The old chief, besieged for a story, told the youngsters of a wise and good "Sachem" who lived a long time ago. In the twilight of his life, the Sachem was asked to help negotiate a peace settlement between two warring tribes, which he did. Shortly after, according to Chief Owasippe, the Sachem was called home to the "Happy Hunting Grounds." His body was prepared according to custom, placed in his canoe and set adrift down a river, with the members of the tribe hoping it would be guided to his wigwam. The canoe drifted down the river for many hours until it finally "floated out upon the bosom of a beautiful lake." The mourners had followed the canoe and were startled by the sight of many birds in the sky with white and silver wings. They were also astonished to see that the color of the lake had changed from blue to a silvery white. According to Chief Owasippe’s story, the tribe members all exclaimed at once: "Wab-a-gun-a-gee, Ne-bis, Bis-e-gain-dang." "White Lake--The Beautiful."

== Origin of Owasippe Name ==
The name "Owasippe" most likely came from the local natives name for the White River during the time period,"Waba-sippi", which would have been written out by the French when they came across the area as "Ouabisippi".

=== First recorded usage of Owasippe Name by the Boy Scouts ===
The first known usage of the Owasippe name was recorded by the Boy Scouts in 1915. In 1915 J.P. Fitch of Oklahoma was brought on board by the Chicago Council to run the then, "Camp White."

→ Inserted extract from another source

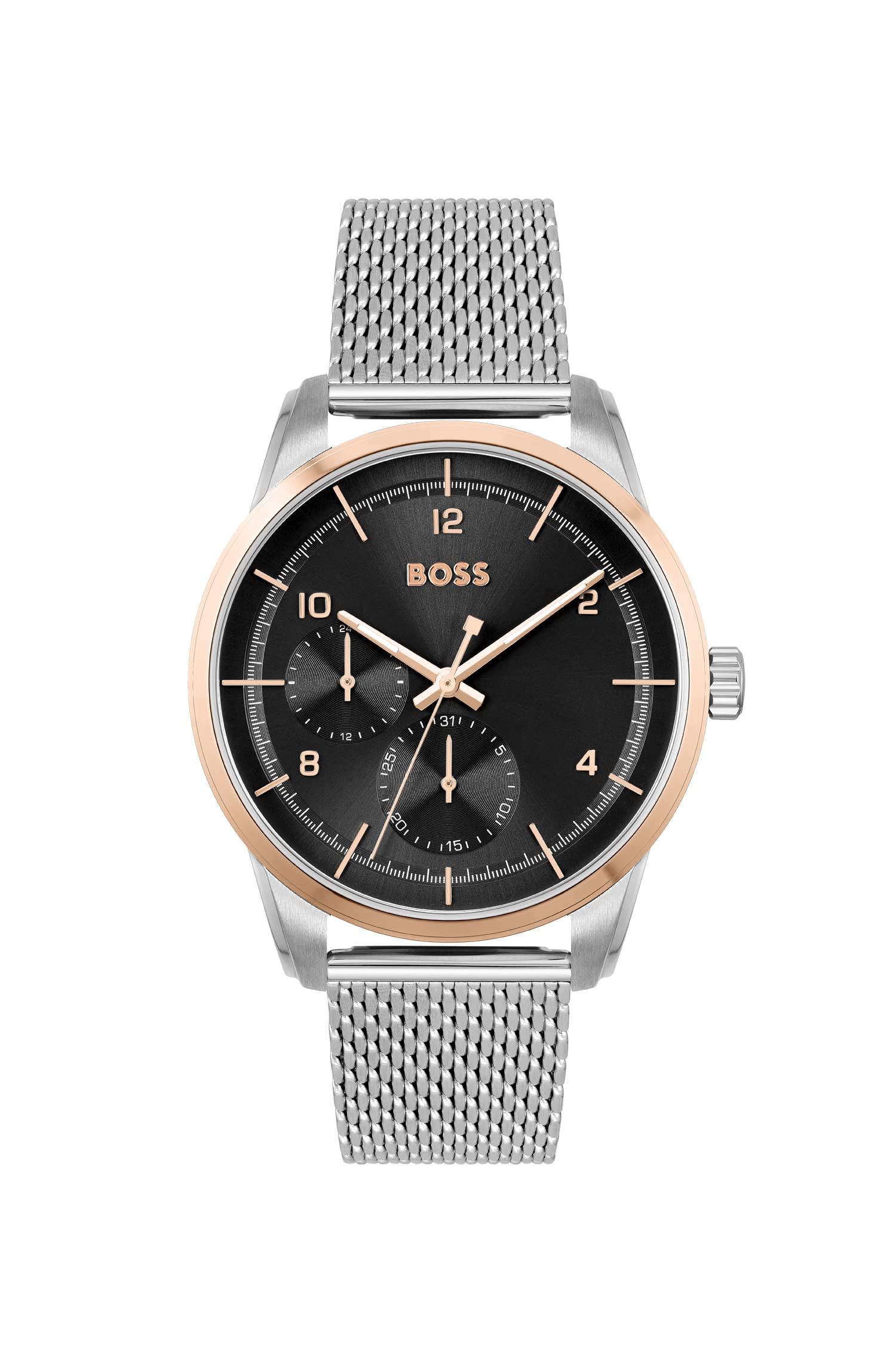 A creatively styled watch by HUGO. This progressive watch is engineered in black steel with modern subeyes, a HUGO logo in signature red and a mesh bracelet with a branded clasp. Add a directional touch to an everyday look with this accessory.

Fitch who was very familiar with the usage of Native American traditions in his home state founded, "The Tribe of O-wa-sip-pe," this program honored campers based on how many years they camped on the reservation. 1st year campers were Messengers, 2nd year Braves, 3rd year Warrior, 4th Hunter, and 5th Chief. To promote the program the camp was renamed Ow-as-sip-pe; and White Wing, a full blooded Winnebago Indian was brought on staff to assist with crafts. A few years later Fitch was promoted to another council. When Fitch left, the program died out, but the camp retained its Owasippe name.